• A lata branca da Coca-Cola

    Imagem daqui: http://oblogdastorm.wordpress.com

    E a famigerada lata branca da Coca-Cola continua dando o que falar. Planejada para fazer parte de uma promoção que une consciência ambiental sobre o risco de extinção dos ursos polares e ajuda financeira para a organização World Wide Fund – WWF (a própria The Coca-Cola Company fez um donativo inicial de USD 2 milhões), a embalagem branca aparentemente não caiu no gosto dos consumidores conforme informações em sites (1, 2, 3). Apesar da companhia não propagar informações oficiais sobre o caso, fato é que as embalagens estão sendo trocadas por versões na cor clássica – vermelha – e, ao que tudo indica, a percepção negativa com a mudança de cor falou mais alto. Toda prática que implica na mudança de elementos semióticos (estímulos) de identificação da marca/produto com a cognição inicial possui risco de rejeição (a própria Coca-Cola já vivenciou episódios negativos quando lançou a New Coke em 1985) que são estudados pelas ciências da comunicação nos modelos semiótico – O modelo semiótico de comunicação é aquele em que a ênfase é colocada na criação dos significados e na formação das mensagens a transmitir.
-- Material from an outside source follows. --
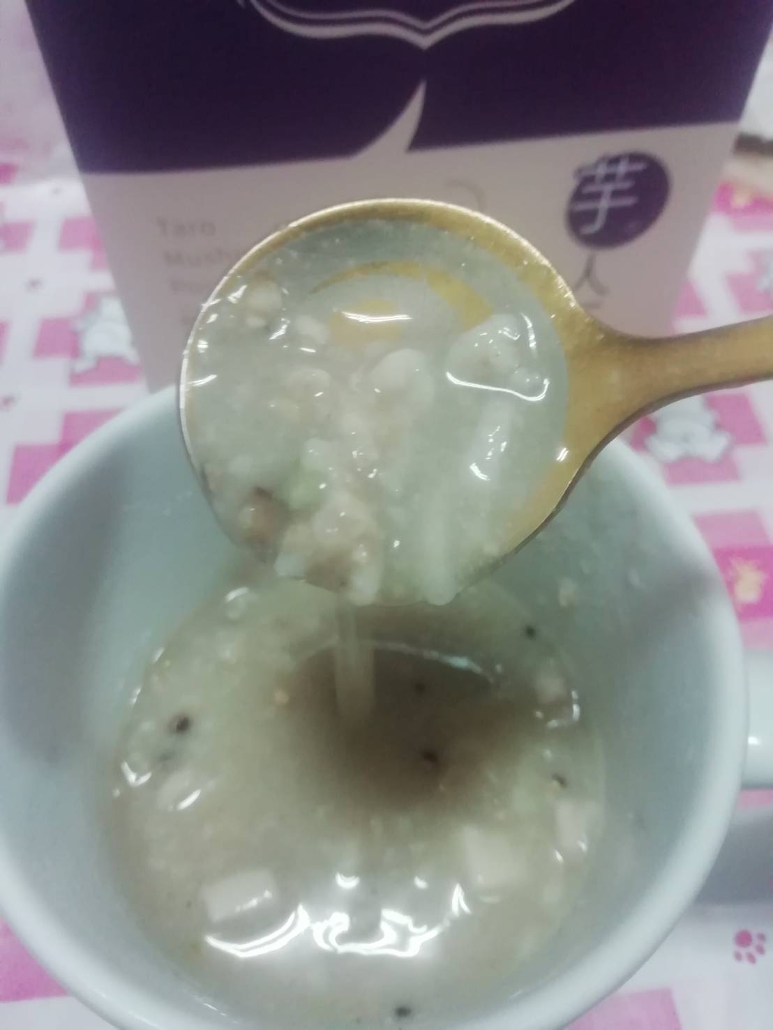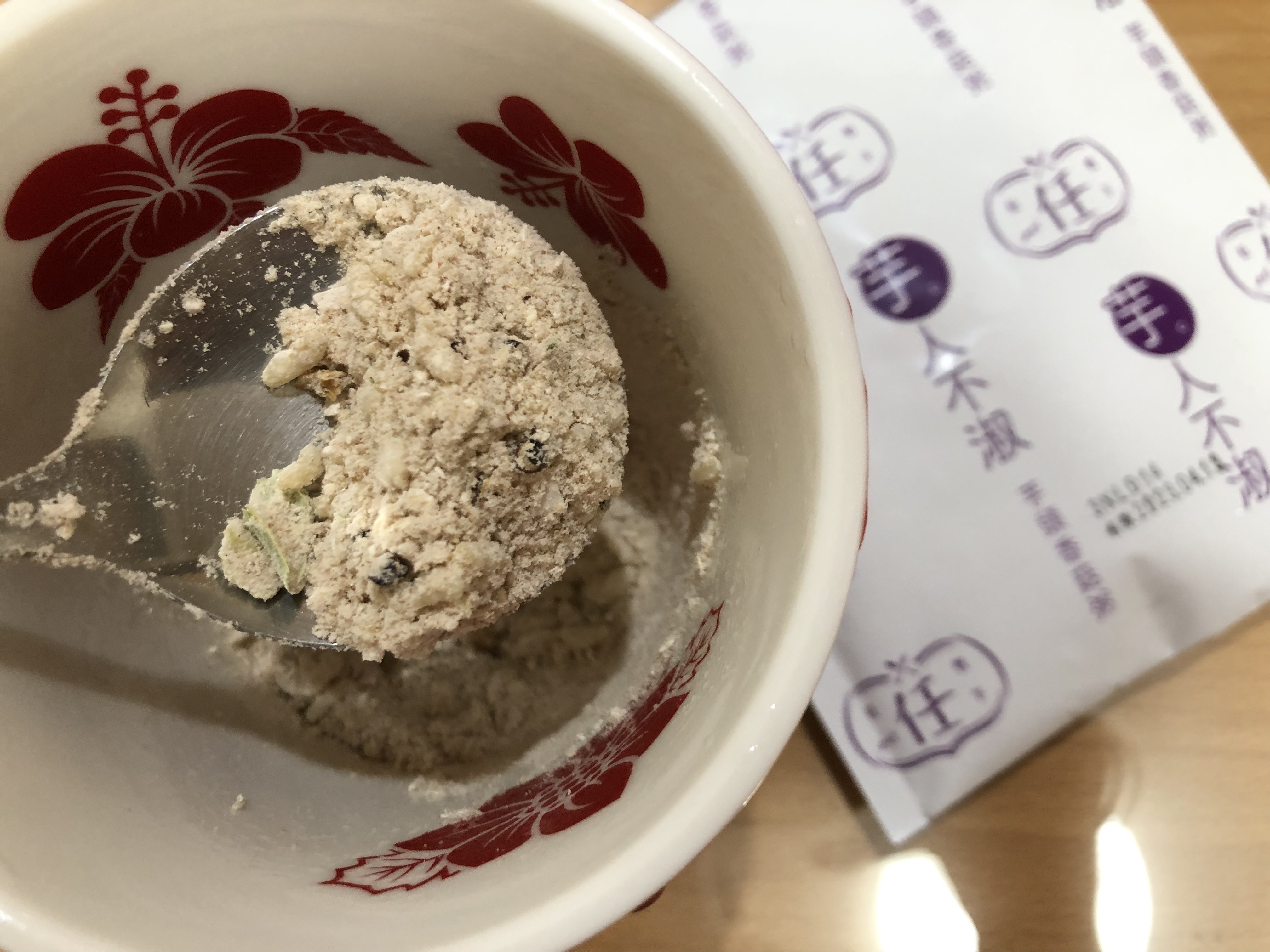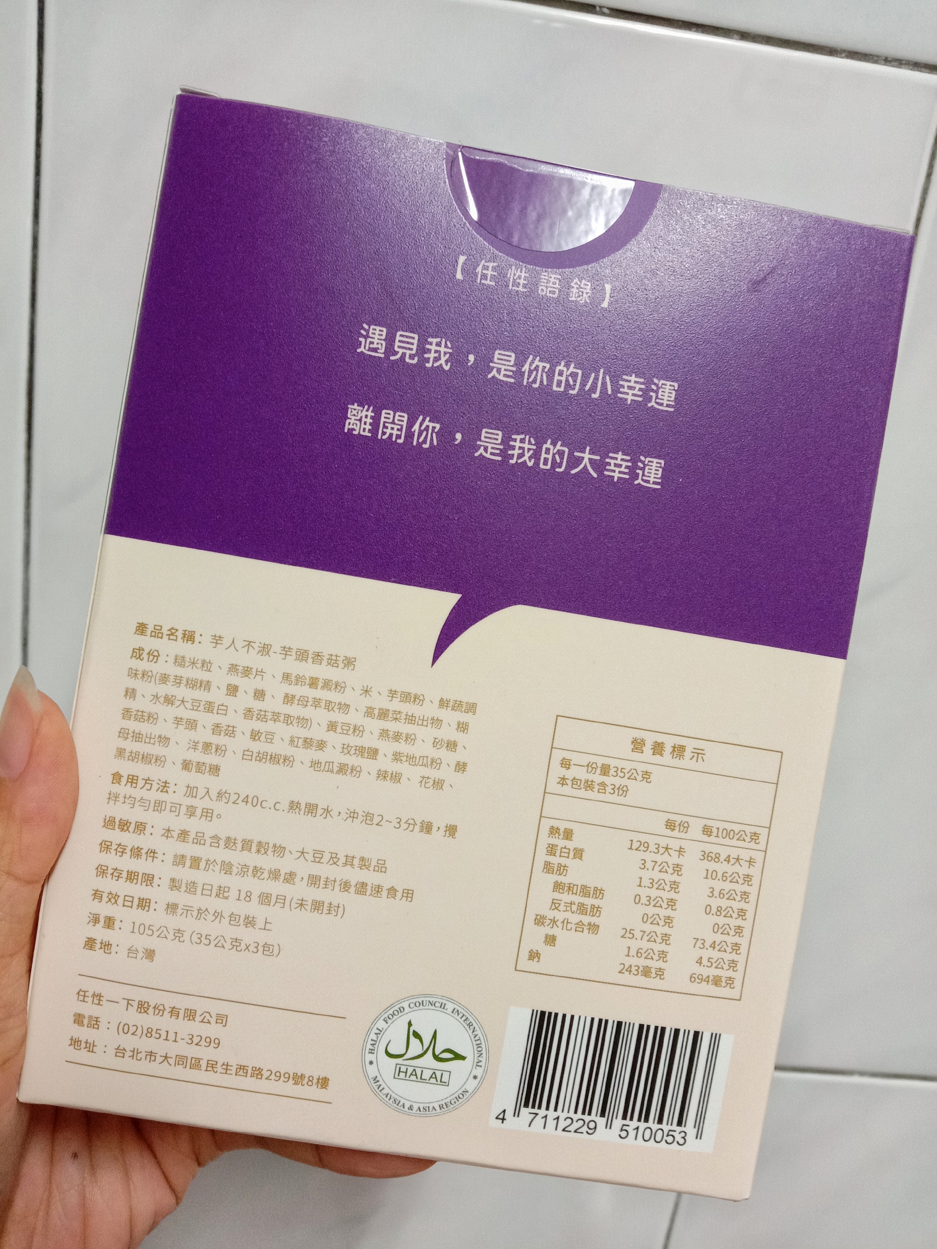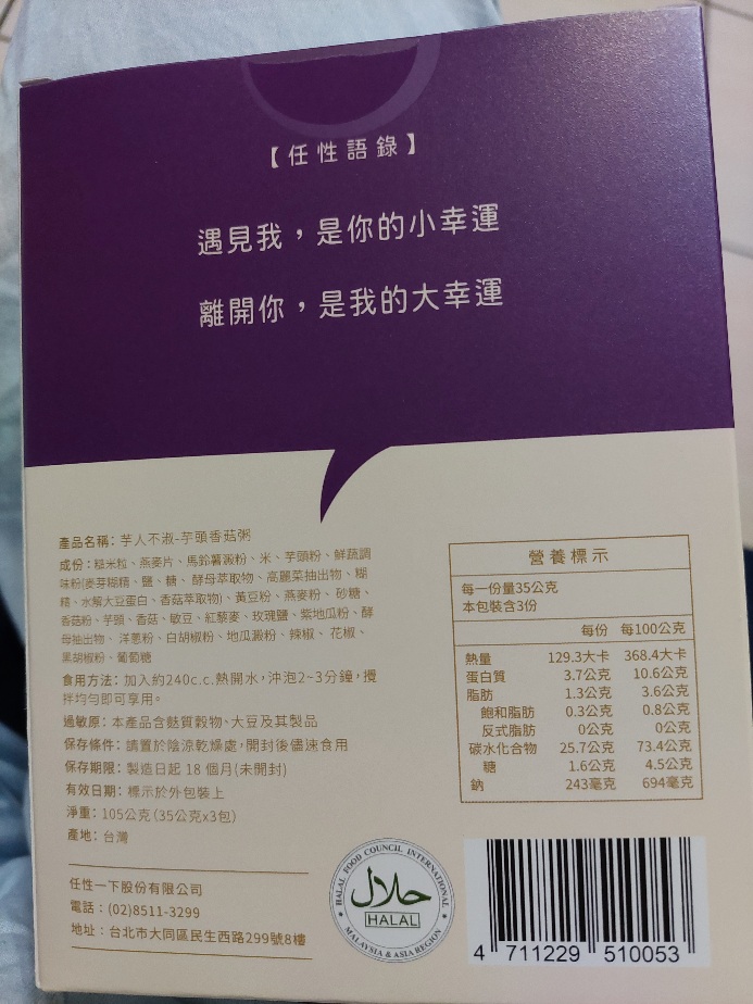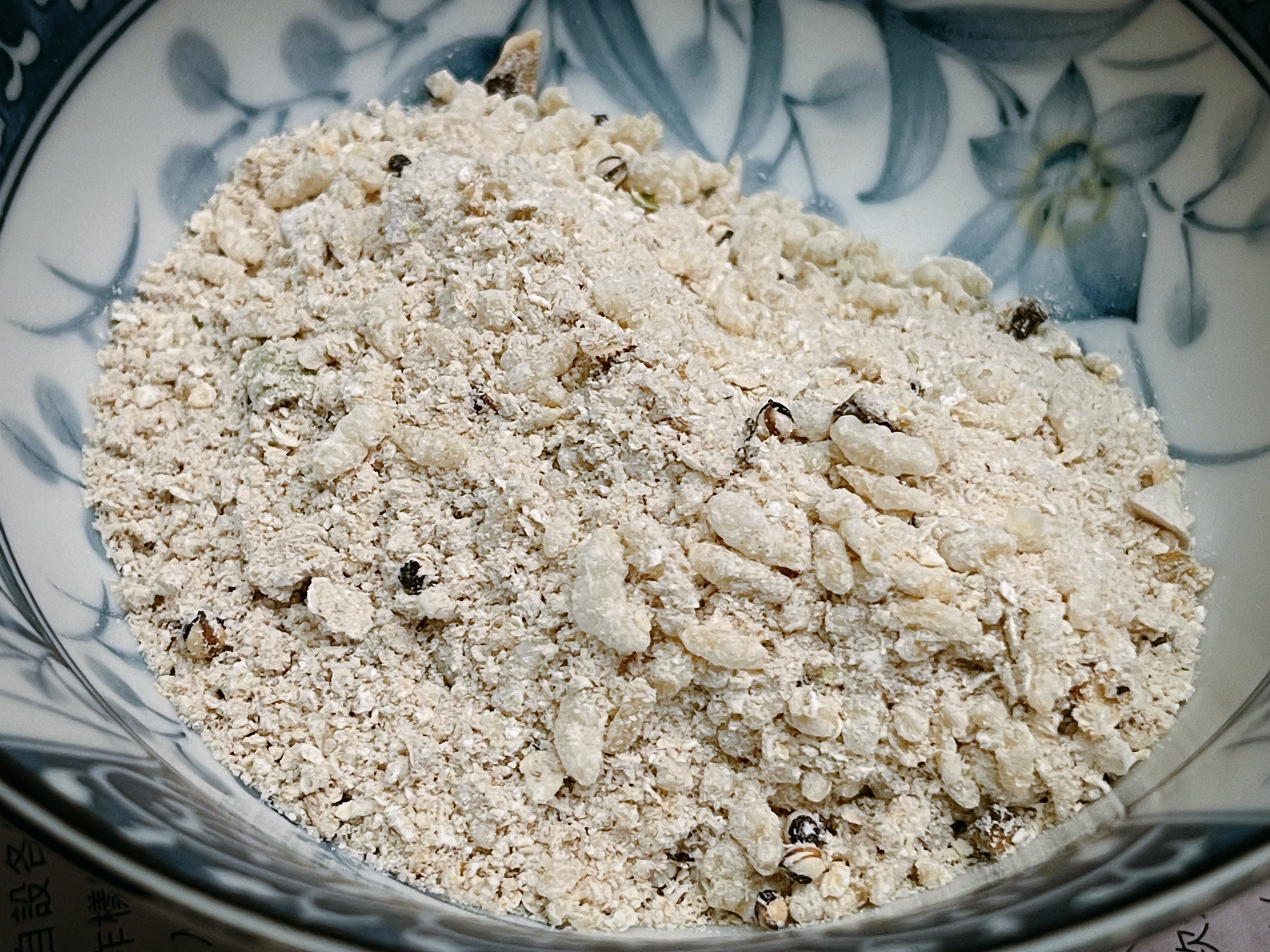 糙米粒、燕麥片、馬鈴薯澱粉、米、芋頭粉、鮮蔬調味粉、黃豆粉、燕麥粉、 砂糖、香菇粉、芋頭、香菇、敏豆、紅藜麥、玫瑰鹽、紫地瓜粉、酵母抽出物、 洋蔥粉、白胡椒粉、地瓜澱粉、辣椒、 花椒、黑胡椒粉、葡萄糖
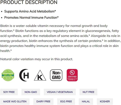 GNC Biotin 5000mcg Supplement, Supports Healthy Hair, Skin and Nails, 120 Servings

Do ponto de vista prático, além da rejeição à nova embalagem, houveram relatos de confusão com o produto Diet da mesma empresa.  A marca Coca-Cola e todos os aspectos que a cercam estabeleceram ao longo do tempo uma simbiose com o país de origem, fazendo dos consumidores coadjuvantes na história do produto e é essa relação que se quebra quando elementos típicos são alterados. Em casos como esse, é possível ser utilizado displays específicos com muita comunicação no ponto de venda para que a confusão não ocorra e seja imediatamente sanada, ressaltando o caráter da promoção ambiental em conjunto com a WWF.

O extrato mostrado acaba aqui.